* [EXERCISE DIRECTIONS]: Please transcribe the records precisely; pictures stay out of your copy.

* [THE INPUT]:
============================================================
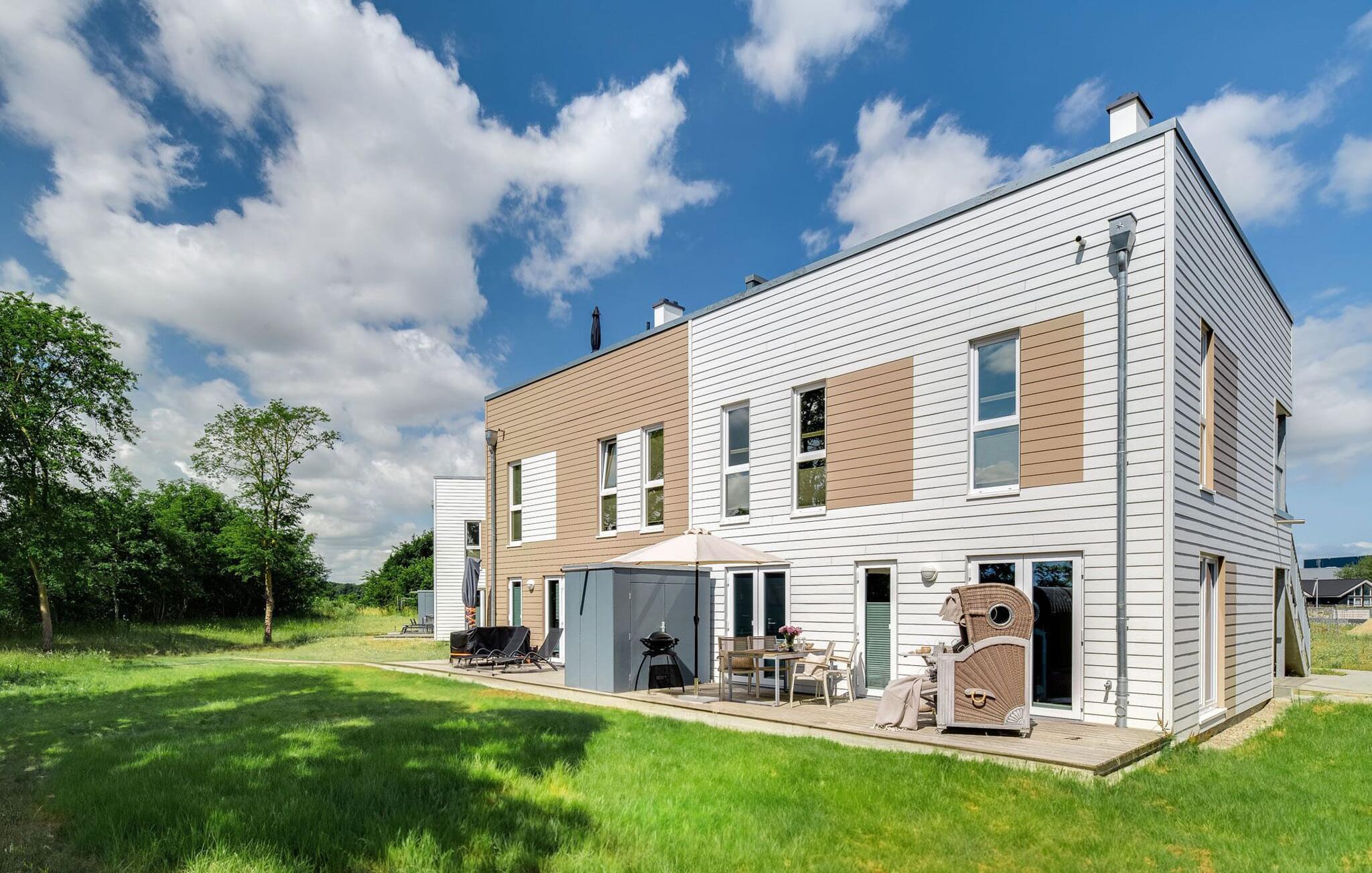 Moderne Erdgeschoss-Ferienlounge mit Blick auf Naturschutzgebiet und kostenlosem Strandkorb am OstseeResort Olpenitz.
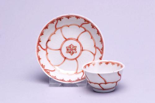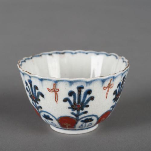 Chinees kopje met bloemrozet en verspringende vlakken
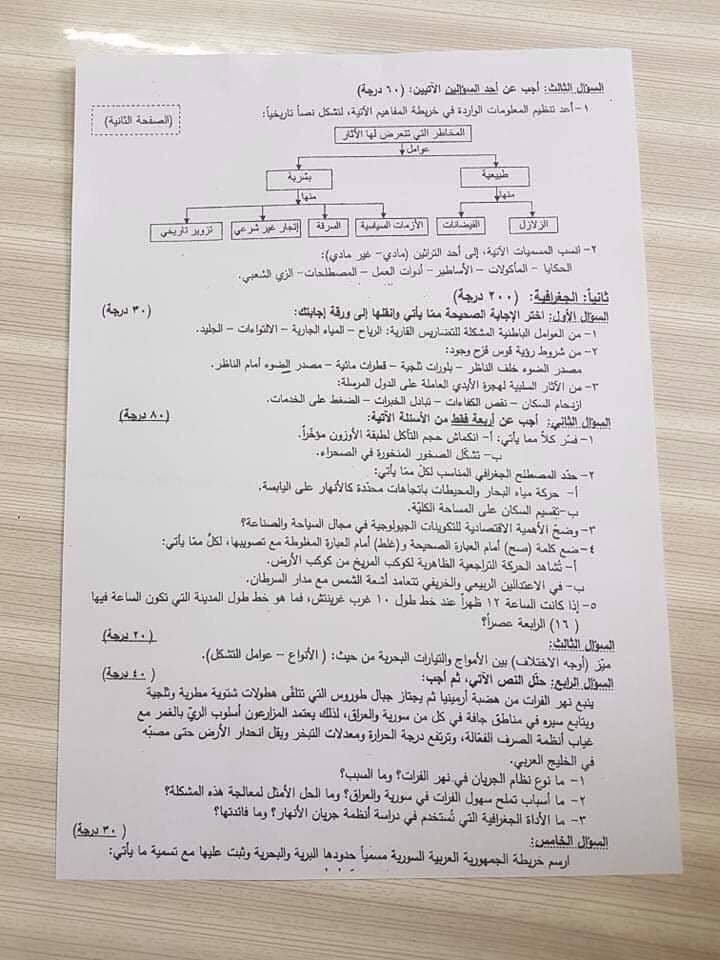 اسئلة امتحان الاجتماعيات للصف التاسع شهادة التعليم الأساسي دورة 2020 نظام حديث وقديم
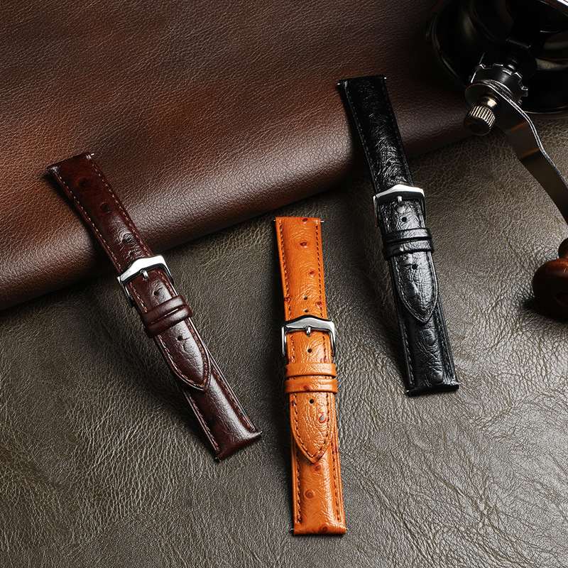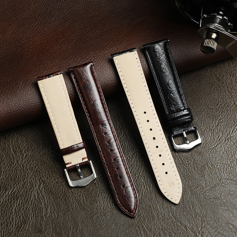 Wholesale CHARM Genuine Leather Strap 20/22mm Ostrich Pattern Smart Watch Wristband Universal Watch Band
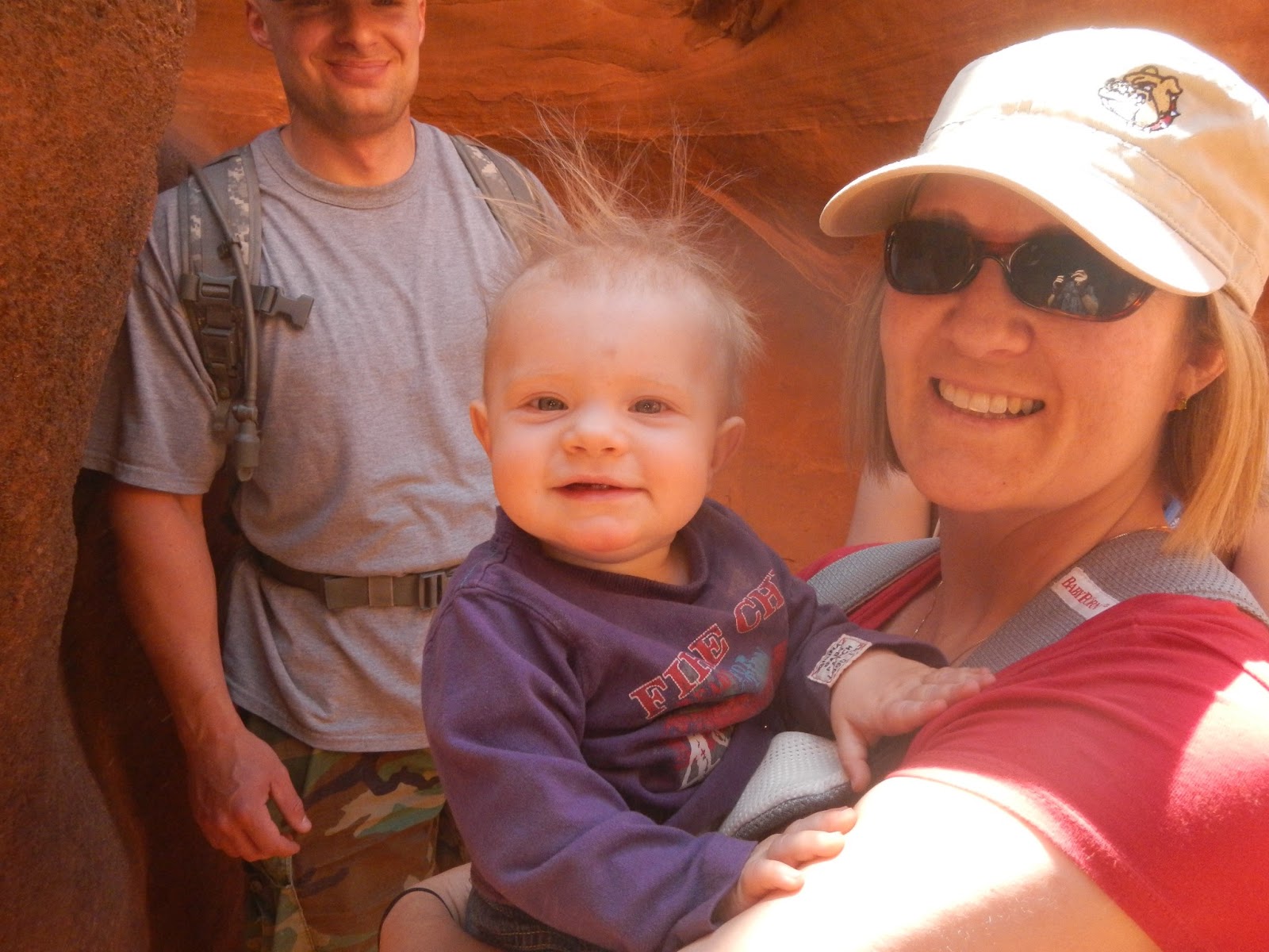 When we reached the mouth of the first slot canyon, Peek-a-boo, I became very reticent about proceeding with a dog and a baby strapped to Cristal's belly. We were insightful enough to bring the belly carrier as opposed to the baby backpack; it was a good thing too, we never would have fit through some of the slots with the baby backpack.
============================================================
* [EXERCISE RESPONSE]:
 Moderne Erdgeschoss-Ferienlounge mit Blick auf Naturschutzgebiet und kostenlosem Strandkorb am OstseeResort Olpenitz.
 Chinees kopje met bloemrozet en verspringende vlakken
 اسئلة امتحان الاجتماعيات للصف التاسع شهادة التعليم الأساسي دورة 2020 نظام حديث وقديم
 Wholesale CHARM Genuine Leather Strap 20/22mm Ostrich Pattern Smart Watch Wristband Universal Watch Band
 When we reached the mouth of the first slot canyon, Peek-a-boo, I became very reticent about proceeding with a dog and a baby strapped to Cristal's belly. We were insightful enough to bring the belly carrier as opposed to the baby backpack; it was a good thing too, we never would have fit through some of the slots with the baby backpack.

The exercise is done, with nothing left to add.